As written and without pictures, set down the lines from the one that contains "9 ноября 2023" through the end of the data.

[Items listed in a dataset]
+ + + +
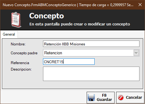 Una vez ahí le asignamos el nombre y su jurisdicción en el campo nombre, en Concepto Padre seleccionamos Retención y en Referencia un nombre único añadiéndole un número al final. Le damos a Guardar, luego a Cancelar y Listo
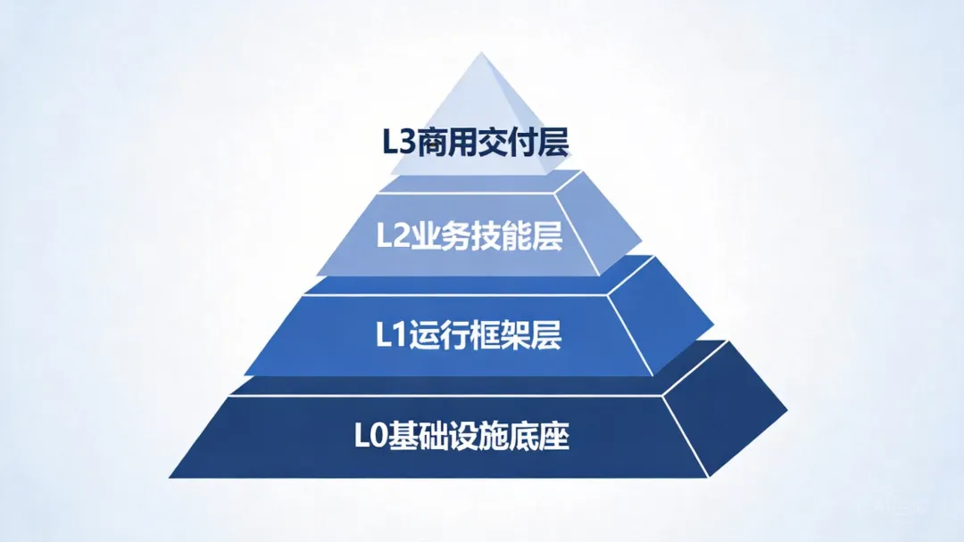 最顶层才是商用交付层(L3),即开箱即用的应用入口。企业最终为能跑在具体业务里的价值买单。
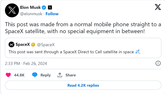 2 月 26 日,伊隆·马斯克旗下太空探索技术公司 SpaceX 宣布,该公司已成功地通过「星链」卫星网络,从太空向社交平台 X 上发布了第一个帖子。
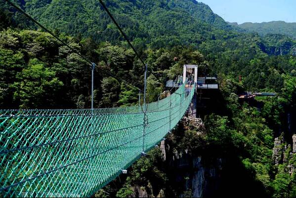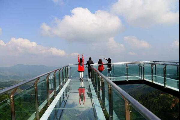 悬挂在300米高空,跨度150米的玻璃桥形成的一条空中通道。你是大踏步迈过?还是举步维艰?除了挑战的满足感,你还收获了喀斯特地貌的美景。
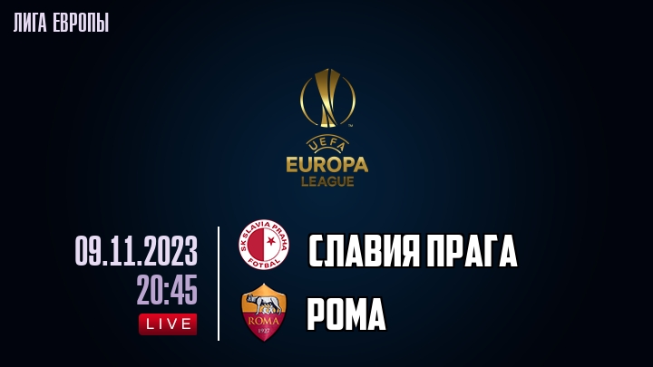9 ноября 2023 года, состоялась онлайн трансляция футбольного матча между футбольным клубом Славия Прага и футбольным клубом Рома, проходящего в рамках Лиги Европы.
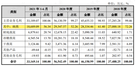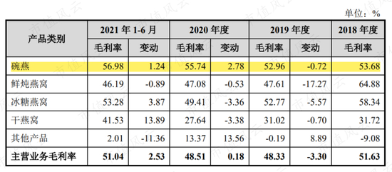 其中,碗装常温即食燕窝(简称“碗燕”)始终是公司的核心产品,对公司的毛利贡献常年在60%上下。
+ + + +
- **Solved exercise**:
9 ноября 2023 года, состоялась онлайн трансляция футбольного матча между футбольным клубом Славия Прага и футбольным клубом Рома, проходящего в рамках Лиги Европы.
 其中,碗装常温即食燕窝(简称“碗燕”)始终是公司的核心产品,对公司的毛利贡献常年在60%上下。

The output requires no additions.